[EXTRACTED RECORDS Boundary: Start]

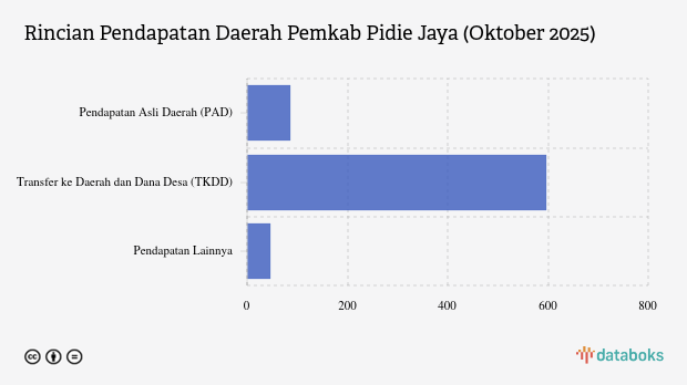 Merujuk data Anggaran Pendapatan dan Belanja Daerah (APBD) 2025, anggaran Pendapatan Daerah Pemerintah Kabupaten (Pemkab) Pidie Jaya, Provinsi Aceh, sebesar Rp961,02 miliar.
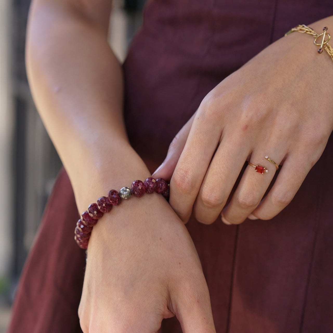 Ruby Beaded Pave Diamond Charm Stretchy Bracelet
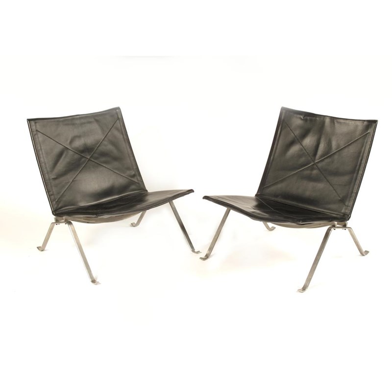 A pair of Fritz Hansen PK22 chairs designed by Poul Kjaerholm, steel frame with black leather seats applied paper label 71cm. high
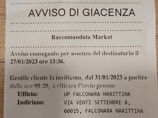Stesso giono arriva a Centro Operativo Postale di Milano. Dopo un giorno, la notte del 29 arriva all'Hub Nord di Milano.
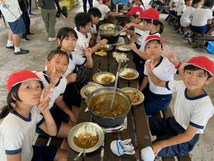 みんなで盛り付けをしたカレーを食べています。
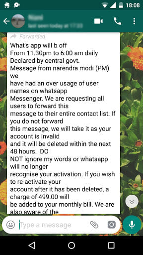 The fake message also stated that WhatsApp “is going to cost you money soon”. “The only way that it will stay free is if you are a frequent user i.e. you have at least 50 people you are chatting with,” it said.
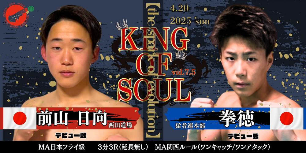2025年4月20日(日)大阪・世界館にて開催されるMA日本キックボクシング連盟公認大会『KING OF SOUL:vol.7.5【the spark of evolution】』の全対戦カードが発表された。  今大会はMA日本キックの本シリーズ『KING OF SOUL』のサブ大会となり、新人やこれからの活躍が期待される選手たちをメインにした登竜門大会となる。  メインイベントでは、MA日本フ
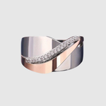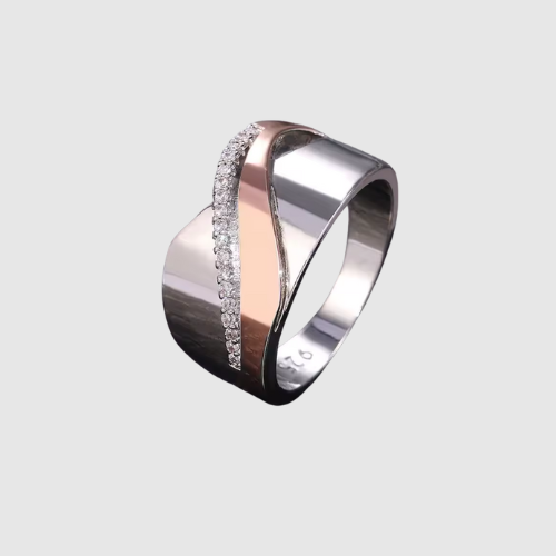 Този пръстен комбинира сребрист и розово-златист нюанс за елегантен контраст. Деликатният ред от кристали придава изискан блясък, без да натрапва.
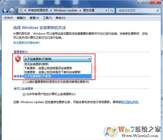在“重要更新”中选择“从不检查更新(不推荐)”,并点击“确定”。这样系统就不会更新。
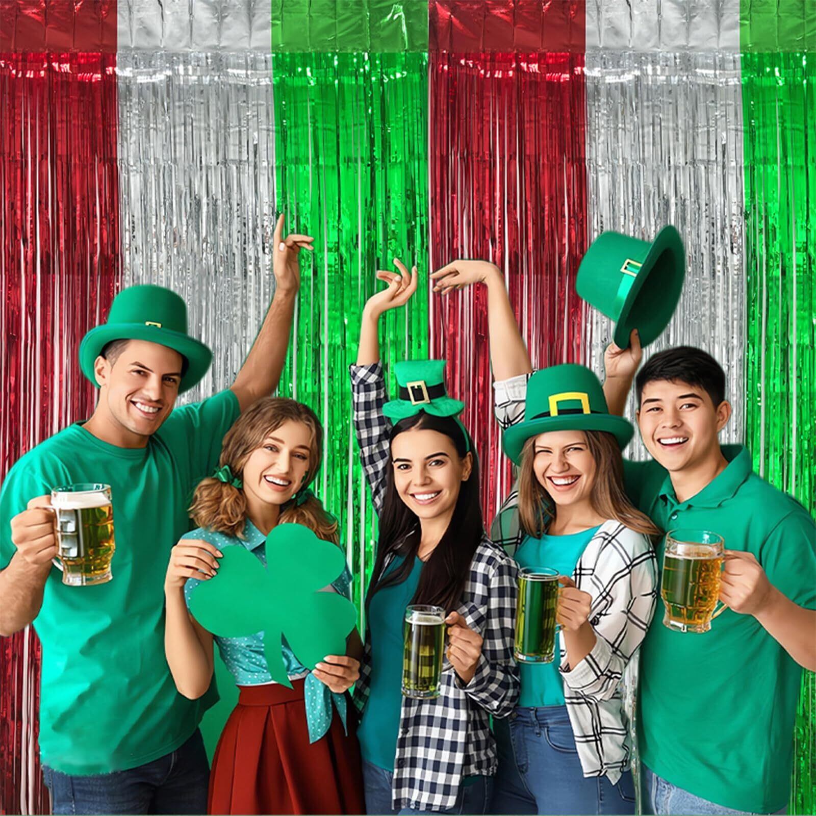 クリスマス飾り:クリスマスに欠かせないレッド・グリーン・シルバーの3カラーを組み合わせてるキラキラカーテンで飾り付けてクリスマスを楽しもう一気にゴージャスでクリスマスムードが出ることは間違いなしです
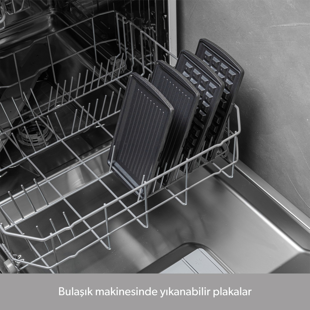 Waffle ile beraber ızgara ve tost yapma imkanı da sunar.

[EXTRACTED RECORDS Boundary: End]

* **EXERCISE REQUIREMENTS**: Your task is to repeat the entries above exactly, omitting the pictures.

* **WRITTEN RESPONSE**:
 Merujuk data Anggaran Pendapatan dan Belanja Daerah (APBD) 2025, anggaran Pendapatan Daerah Pemerintah Kabupaten (Pemkab) Pidie Jaya, Provinsi Aceh, sebesar Rp961,02 miliar.
 Ruby Beaded Pave Diamond Charm Stretchy Bracelet
 A pair of Fritz Hansen PK22 chairs designed by Poul Kjaerholm, steel frame with black leather seats applied paper label 71cm. high
Stesso giono arriva a Centro Operativo Postale di Milano. Dopo un giorno, la notte del 29 arriva all'Hub Nord di Milano.
 みんなで盛り付けをしたカレーを食べています。
 The fake message also stated that WhatsApp “is going to cost you money soon”. “The only way that it will stay free is if you are a frequent user i.e. you have at least 50 people you are chatting with,” it said.
2025年4月20日(日)大阪・世界館にて開催されるMA日本キックボクシング連盟公認大会『KING OF SOUL:vol.7.5【the spark of evolution】』の全対戦カードが発表された。  今大会はMA日本キックの本シリーズ『KING OF SOUL』のサブ大会となり、新人やこれからの活躍が期待される選手たちをメインにした登竜門大会となる。  メインイベントでは、MA日本フ
 Този пръстен комбинира сребрист и розово-златист нюанс за елегантен контраст. Деликатният ред от кристали придава изискан блясък, без да натрапва.
在“重要更新”中选择“从不检查更新(不推荐)”,并点击“确定”。这样系统就不会更新。
 クリスマス飾り:クリスマスに欠かせないレッド・グリーン・シルバーの3カラーを組み合わせてるキラキラカーテンで飾り付けてクリスマスを楽しもう一気にゴージャスでクリスマスムードが出ることは間違いなしです
 Waffle ile beraber ızgara ve tost yapma imkanı da sunar.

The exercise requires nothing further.